_WHAT IS REQUIRED:_ Quote, word for word, only the lines running from the line with "Αναγράφεται προσωπική σημείωση" through the end of the listing. Leave out the pictures.

_GIVEN DATA:_
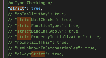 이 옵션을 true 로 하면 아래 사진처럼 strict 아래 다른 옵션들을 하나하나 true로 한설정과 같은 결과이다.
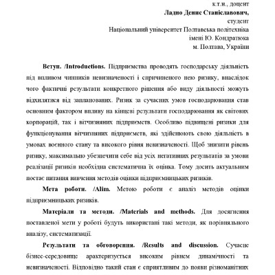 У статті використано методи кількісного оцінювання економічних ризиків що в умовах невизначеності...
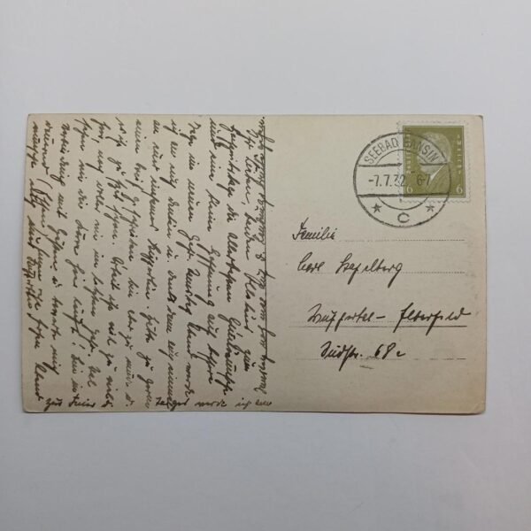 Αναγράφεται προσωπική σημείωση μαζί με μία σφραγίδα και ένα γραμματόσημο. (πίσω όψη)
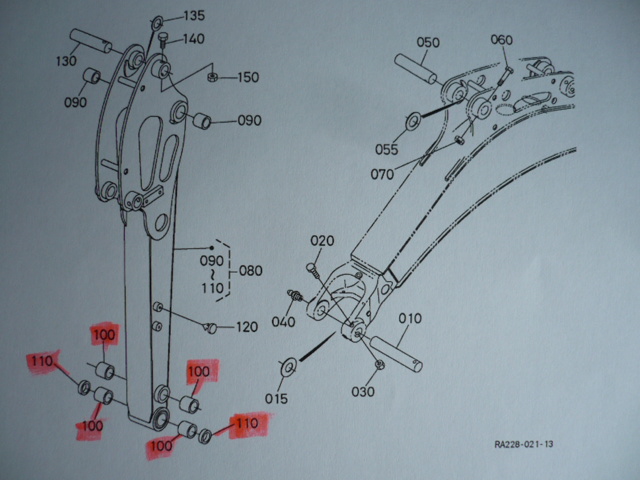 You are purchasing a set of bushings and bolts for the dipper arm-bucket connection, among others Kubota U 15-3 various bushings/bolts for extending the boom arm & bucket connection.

_TASK OUTPUT:_
 Αναγράφεται προσωπική σημείωση μαζί με μία σφραγίδα και ένα γραμματόσημο. (πίσω όψη)
 You are purchasing a set of bushings and bolts for the dipper arm-bucket connection, among others Kubota U 15-3 various bushings/bolts for extending the boom arm & bucket connection.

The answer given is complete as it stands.